Nucleic acid-loaded Lipid NanoParticle (LNP) formulation manufacturing starts with the material preparation step. For that, the chosen lipids are dissolved in the organic phase, typically ethanol, and nucleic acids such as RNA types or plasmid DNA are dissolved in the acidic aqueous phase. Once both phases are prepared, the following step is to mix those by nanoprecipitation techniques including microfluidic systems, T-mixing, or customized mixing technologies. After producing formulations, a buffer exchange step is followed to adjust the pH to a neutral value and to help dilute the ethanol content in the nanoparticle suspension. For the next steps, which are purification and diafiltration, Tangential Flow Filtration (TFF) systems are used to remove residual solvents and increase the concentration of the formulation to the final drug product in the dedicated storage buffer. After a final bioburden reduction and sterile filtration, the bulk drug product is ready for shipment or Fill and Finish.

Although cGMP manufacturing of LNPs comprises straightforward unitary manufacturing steps, there are many key parameters to consider before starting clinical manufacturing when developing a process, performing a technology transfer, or producing a formulation.
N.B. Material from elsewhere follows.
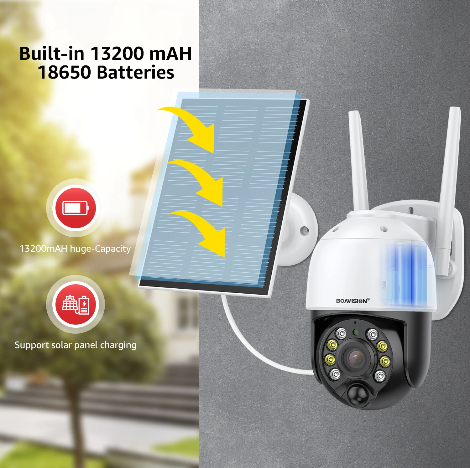 -Panel solar de 5W, batería integrada de 13200mAh, 180 días de carga gratuita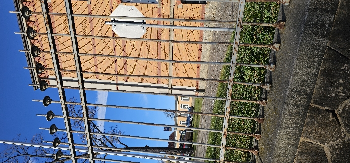 The image presents an outdoor urban scene in Kamenz - Kamjenc, Germany, under a clear blue sky. In the foreground, a weathered metal fence, consisting of grey vertical bars topped with decorative spiked finials, runs horizontally across the frame. The fence shows significant rust and discoloration, especially on its lower sections. It is mounted on a low, grey concrete wall, which rests upon larger, dark, irregularly shaped stone blocks. Behind the fence and concrete wall, a strip of low-lying green vegetation is visible. Further back, an unpaved or gravel area contains parked vehicles; a brown sedan and a lighter-colored SUV are partially visible. A blue square parking sign, displaying a white "P" symbol, is erected within this area. The background features several buildings. To the right, a prominent multi-story building constructed of light orange brick with dark mortar lines is visible, featuring a light-colored vertical trim element on its left side. A dark window on this building is partially obscured by a circular white object, possibly a fixture or sign. To the left of the brick building, a cluster of lighter-colored, one- to two-story buildings with arched windows is visible. A tall, deciduous tree with bare branches stands on the far left of the scene. The entire scene is illuminated by natural sunlight.

For the first step of clinical manufacturing, lipids are carefully weighed and solubilized, with attention paid to the unique solubility characteristics of each lipid component. For small quantities, a Class C dispensing room is utilized, which is equipped with a Laminar Airflow hood rated at ISO 5. For larger quantities, stainless steel vessels are employed to maintain the integrity and quality of the lipids being processed (Image 2). In the same room, the aqueous phase containing the payload is prepared.
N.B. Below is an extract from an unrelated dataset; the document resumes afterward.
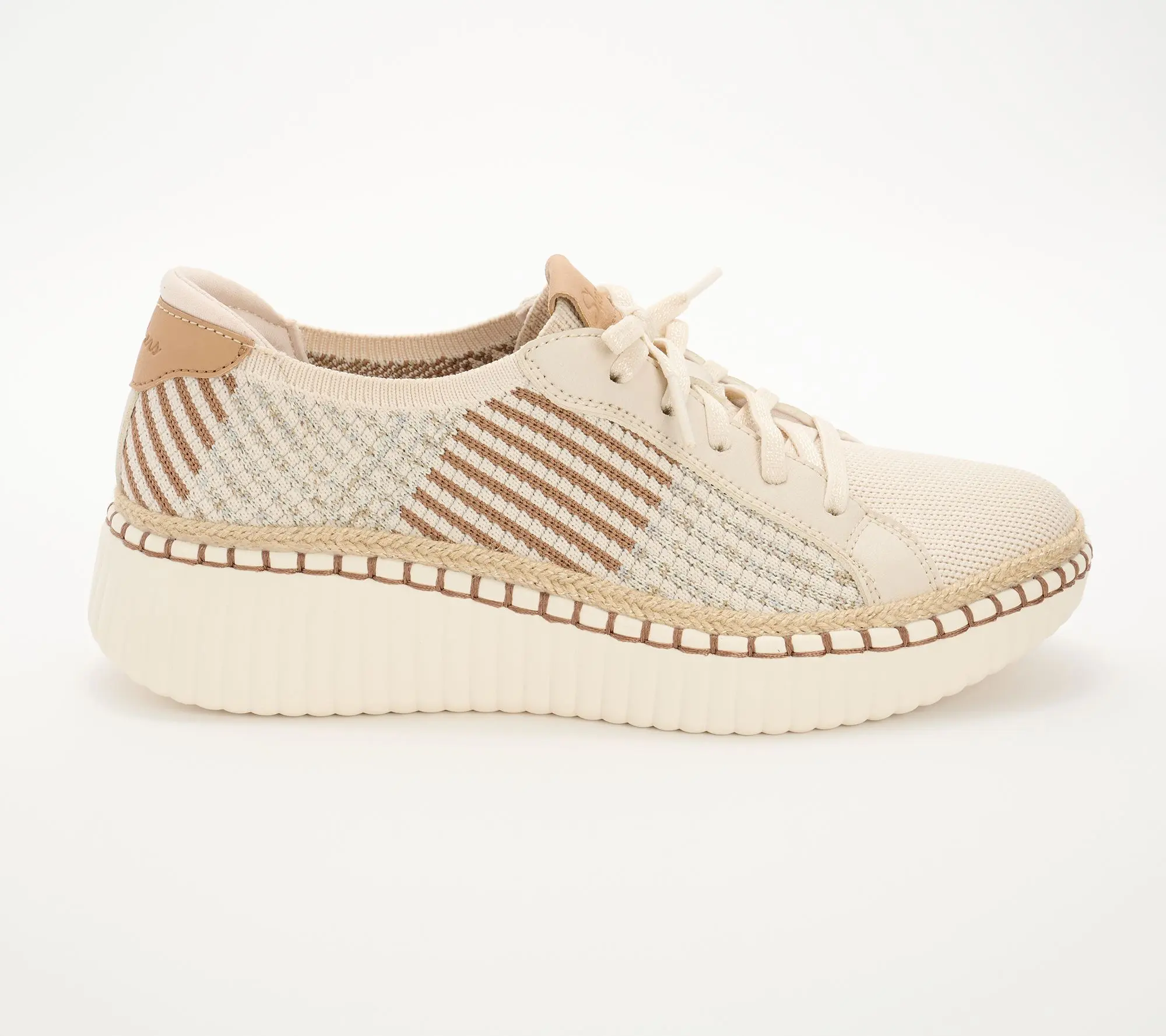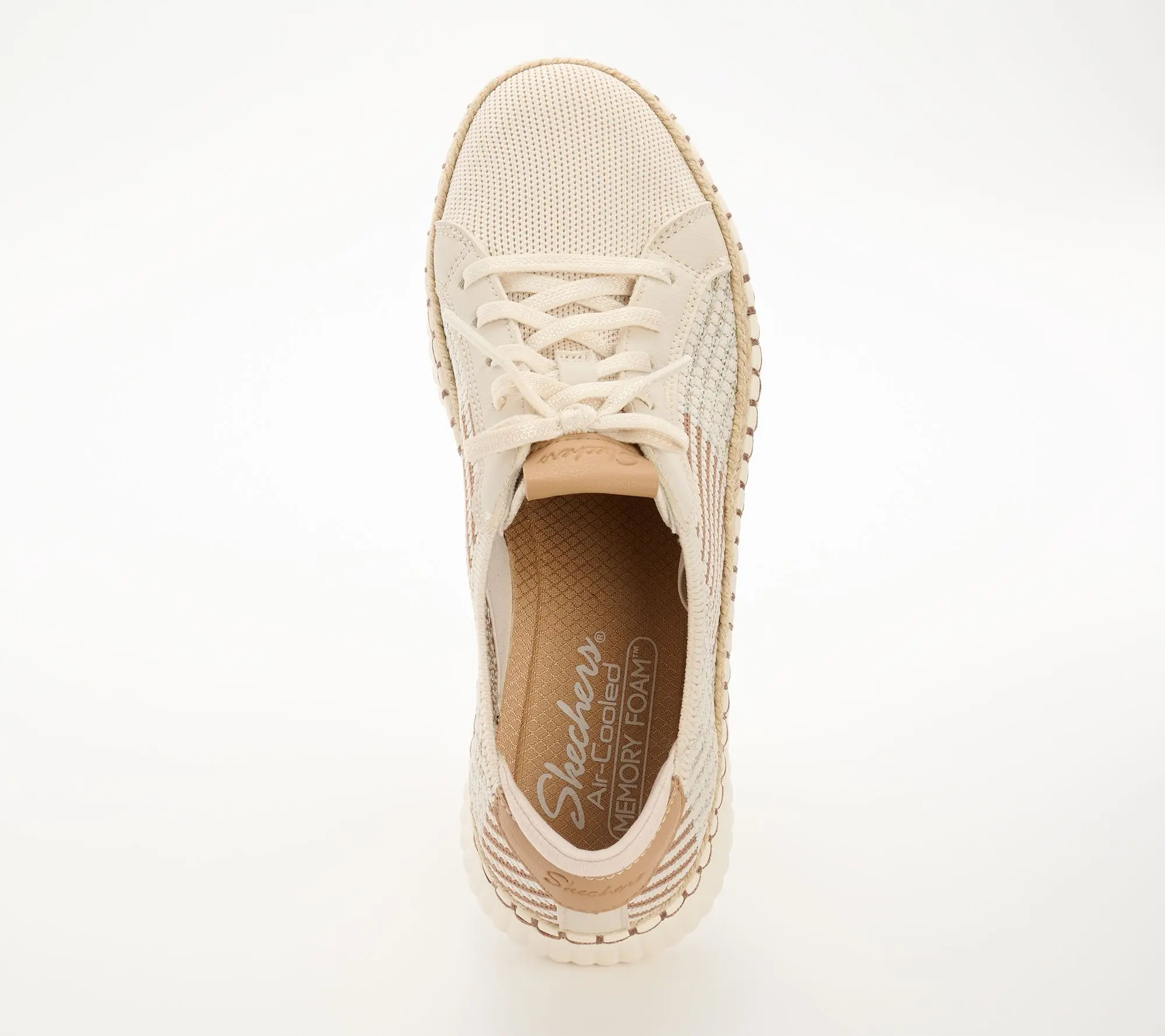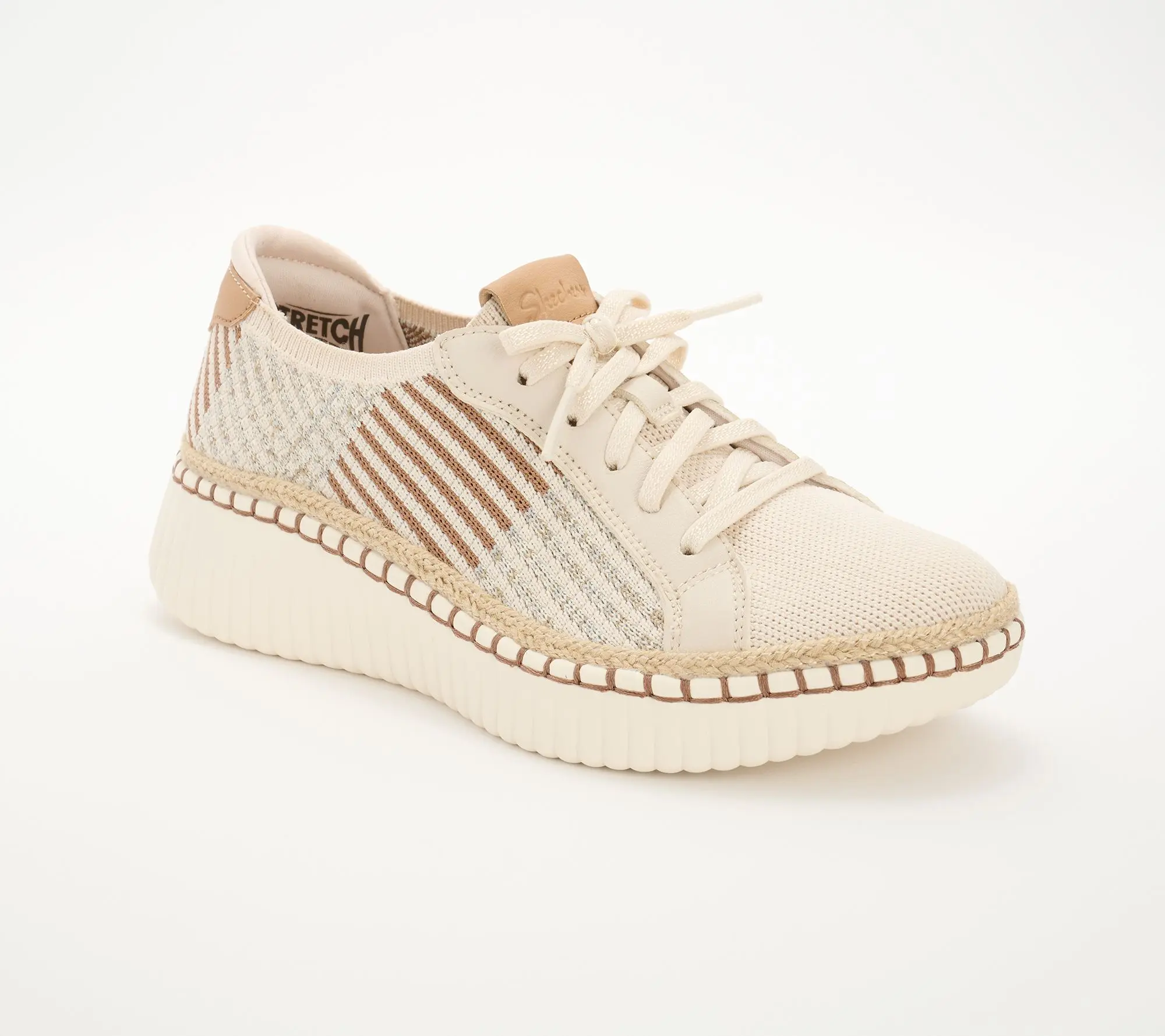 Skechers Wilshire Blvd Washable Vegan Sneakers - Breezy Stroll. Take a walk on the stylish side in easy-wearing comfort with Skechers Wilshire Blvd - Breezy Stroll. This Skechers No Tie Fit design features a knit and synthetic leather upper with faux laces, jute trim along the midsole, a Comfort Pillow at the heel, and a cushioned Skechers Memory Foam insole. Content: textile & man made upper, balance man made. Sole thickness: 1 7/8". Fit: true to size. COO: Imported.

(Image 2 by CordenPharma) Four stainless steel vessels located in an ATEX Class C LNP
assembly room for organic phase preparation with a capacity of up to 30 liters.
They utilize CIP/SIP technology and have the capability to be expanded to accommodate
300 liters and more, depending on the project’s requirements.

Once material preparation is set, the assembly of the aqueous phase with the organic phase is next. During that moment, the pre-solved lipids and nucleic acids get mixed into a solution consisting of both organic solvent and acidic aqueous phase (Image 1). The aqueous phase volume percentage used in the formulation is usually 2 to 3 times more, compared to the volume percentage of the total lipid mixture. The resulting change in the polarity of the solution forces the formation of nanoparticles by nanoprecipitation.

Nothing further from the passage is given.